The terms ‘abuse’ and ‘trauma’ are often used interchangeably. This is mistaken. Abuse is something that happens to you. Neglect is something that happens to you. How your self imprints those experiences is trauma. This distinction is important because you can be traumatized without having been abused.
Why does Dr. Maté believe trauma is a zeitgeist. Zeitgeist is a general trend of thought or feeling characteristic of a particular period of time.
According to the film, trauma is a zeitgeist because of the growing problems with health and well-being in wealthy regions around the world. According to the film, Roughly 1/5th of youth alone are diagnosed with anxiety. Mental health conditions in youth, like depression, and developmental problems like ADHD, are on the rise. Youth suicide saw it’s most recent zenith in 2020. In any given classroom, roughly 1 in 5 teens are likely thinking about suicide. 64% of prison inmates have six or more adverse childhood events. Trauma leads to addiction, both socially acceptable and not, to cope with our pain. Trauma is also (potentially) a root cause of physical disease, including cancer.
The film discusses Dr. Maté’s research into these claims. It seeks to persuade viewers that human health and well-being has been divorced from vital aspects essential to our being human. And that trauma is both symptomatic of that and widely prevalent.
Problems in our cultural apparatus
Parenting
Dr. Maté says children don’t get traumatized because they’re hurt. They get traumatized because they’re alone with their hurt. “You don’t need all the privations of war, racism, abuse, and violence for trauma to occur,” says Dr. Maté. “Just parents alienated from their own gut feelings in such a way that they would let their infants cry when that child is desperate for a relationship.”
An element of parenting often missed in our culture, is the role we play in regulating our child’s emotions. Many parenting methods intended to create independence instead traumatize children. This is one reason it’s important to understand the distinction between abuse and trauma. Parents who use these methods are not being abusive per se, but are unwittingly traumatizing their children. Traumatized children are not independent children. Only those who develop secure attachment can really be said to be independent. Secure attachment involves interdependence.
We often think of “bad” parents as those who are abusive, trapped in poverty and bad relationships. And we think of good parents as those who are financially stable and demand much from their kids. They have their children in every kind of activity, and push them for good grades in school, and have them apply to the best colleges. This can also be traumatizing according to Dr. Maté’s research. The film highlights some experiences of homeless people who grew up in wealthy and active families.
Relationships
Our childhood trauma inevitably manifests itself in our various relationships. Whether these relationships are romantic or platonic, we enact our worst fears. If we fear abandonment, then we do things which abandon ourselves or may abandon others.

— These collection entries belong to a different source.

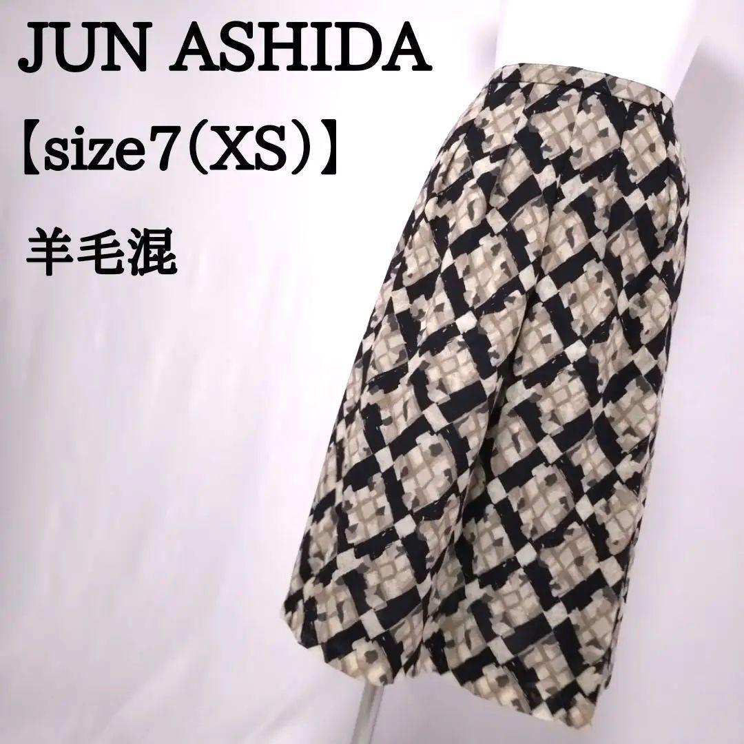- 【美品】JUN ASHIDA ジュンアシダ タック入り 総柄 フレアスカート ロング 羊毛混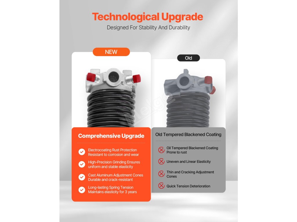 Poznejte rozdíl díky profesionálně tepelně zpracovaným závitům z pružinové oceli a hliníkovým kuželům, které jsou navrženy pro maximální pevnost a odolnost. Díky zvýšené odolnosti proti únavě poskytuje garážová pružina životnost více než 16 000 cyklů, což odpovídá zachování stabilní pružnosti po dobu 3 let.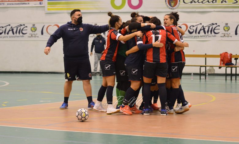 La prima delle due gare in rapida successione è vinta per 6-2 dall’Italcave Real Statte contro un buon Capena. Al di là del risultato, la gara del PalaCurtivecchi è stata aperta sino a due minuti dalla fine e le ioniche hanno portato a casa 3 punti importanti per la classifica anche in vista del recupero di lunedì alle 16.30 col Pelletterie. Italcave che parte con Margarito, Soldevilla, Violi, Boutimah, Renatinha. Rispondono le ospiti Castagnaro, Martin, Will, Neka, Macchiarella. Prima azione di marca rossoblù: tiro a giro di Renata e pallone deviato da Castagnaro in corner. Sul successivo calcio d’angolo la stessa 99 stattese calcia alto sopra la traversa. Poco dopo Boutimah trova spazio centralmente, sfera che viene deviata a terra da Castagnaro. Le ioniche trovano sempre i raddoppi di marcatura del Capena, soprattutto su Renata che, quando ha spazio, prova ad andare sul fondo, cross per Boutimah ma sotto porta non riesce a correggere in rete. Al primo errore sulle marcature, l’Italcave ne approfitta: minuto 15 e contropiede 2 contro 2, Renata prova il pallonetto basso su Castagnaro e la beffa. Passano pochi secondi: Boutimah è coperta dal limite dell’area,ma il suo tiro, di destro basso, trova lo spiraglio giusto: Castagnaro tocca la sfera che pian piano termina in rete e il punteggio è di 2-0. Finale di prima frazione ancora di marca ionica: Violi, dalla destra, lungolinea per Mansueto, diagonale che finisce sul fondo di poco. Al 19′ si vede in avanti il Capena: Sgarbi, dal limite, calcia forte, basso e angolato, Margarito apre la mano sinistra e mette in corner. Nella ripresa è Boutimah-Renata l’asse per allungare nel punteggio. Le due nazionali si scambiano, infatti, l’assist e il tiro per realizzare la terza e quarta rete. Da qui inizia un match con rapidi capovolgimenti di fronte. Il Capena ci prova con più convinzione: prima è Sgarbi, Margarito di piede respinge. Poi Neka all’altezza del tiro libero calcia forte, tiro deviato che si abbassa all’improvviso e scheggia la traversa. Le rossoblù rispondono con un bel contropiede che Pedroso per pochi centimetri non realizza. Stessa distanza che non permette a Mansueto di segnare il gol, dopo la traversa di Renata dal limite. Ma al nono Fuhrmann se ne va sulla sinistra e incrocia basso nell’angolino alla sinistra di Margarito. Il gol ricarica il Capena: Sgarbi dal limite, sfera che sfiora il palo. Will, poi, trova spazio per arrivare di fronte a Margarito e dimezzare lo svantaggio. Ci sono 7 minuti e le ioniche vedono la massima pressione ospite ma è Margarito che risponde sempre presente: al minuto 15 su Benvenuto, diagonale neutralizzato. Le rossoblù reggono e con Renata, a giro, e Soldevilla, distanza ravvicinata, non riescono a segnare la quinta rete. Ma è il minuto 17 e 20 secondi che decide la contesa: Will, tutta sola in area, calcia a botta sicura, Margarito è miracolosa deviando in corner un gol fatto. E allora il terzo uno-due di giornata chiude il match in favore dell’Italcave: contropiede perfetto con Renata che insacca. Palla al centro, Boutimah sulla sinistra, dentro per Soldevilla che di prima intenzione in scivolata chiude la contesa. Da sottolineare l’ingresso in campo di Girardi e De Marchi che hanno fatto il loro esordio in campionato. Questo il pensiero di Tony Marzella a fine gara: “Avevamo davanti una squadra come il Capena che era imbattuta, brava a chiudersi e ripartire. Siamo stati intelligenti a non essere troppo precipitosi nel cercare di sbloccare il risultato. Sul 4-0 abbiamo avuto le occasioni per allungare, anche dopo aver subito il primo gol. Diciamo che abbiamo vissuto un finale di partita palpitante e, alla fine, abbiamo concretizzato la nostra pressione. Però sono felice dei 3 punti importanti che abbiamo conquistato. Pensiamo a lunedì e poi faremo una sintesi di questo doppio appuntamento ravvicinato”.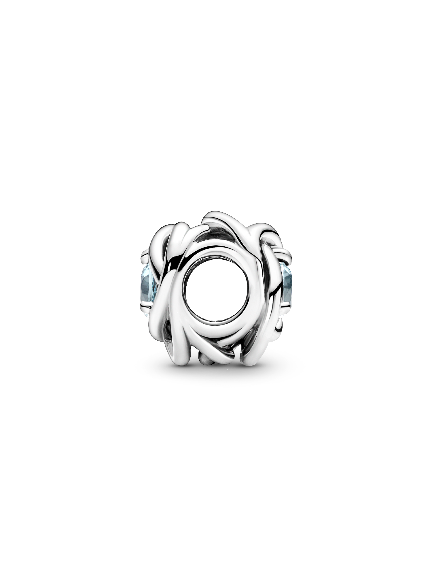 Add a pop of color to your bracelets and pendants with this Sea Aqua Blue Eternity Circle Charm. This special piece is made in the shape of an infinity braid and is set with a aquamarine-colored crystal at its center. Symbolizing eternity, add this sparkling charm to your styling to give your everyday jewelry a bright update.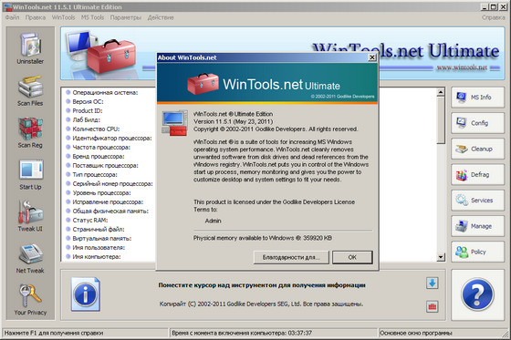 WinTools.net Ultimate – набор инструментов для оптимизации операционной системы Windows. В состав программы входят компоненты для полного удаления нежелательных программ и «мертвых» ссылок реестра, а также для контролирования процессов, настройки системы, интернет-соединений и интерфейса. В состав программы входят следующие инструменты: Clean Uninstaller, Scan Files, Scan Shortcuts, Scan Registry, Startup Manager, Tweak UI, Net Tweaker, The Privacy, Invisible Man, File Shredder. Кроме того, имеются утилиты для надежного хранения конфиденциальной информации.

The fear of abandonment, Dr. Maté says, is normal because human beings are social creatures. We’re meant to live in community with others and not be isolated. A fear of abandonment is a fear of isolation. The problem is not the fear per se, but in our response to it. Fear of abandonment is unhealthy when it results in destructive or sabotaging patterns.
Traumatized people may also fear love. If we fear love we will avoid self-love or have a distorted sense of it. In other words, we won’t see ourselves as worthy of love and so we neglect our needs. Or, we distort healthy self-love through narcissistic tendencies.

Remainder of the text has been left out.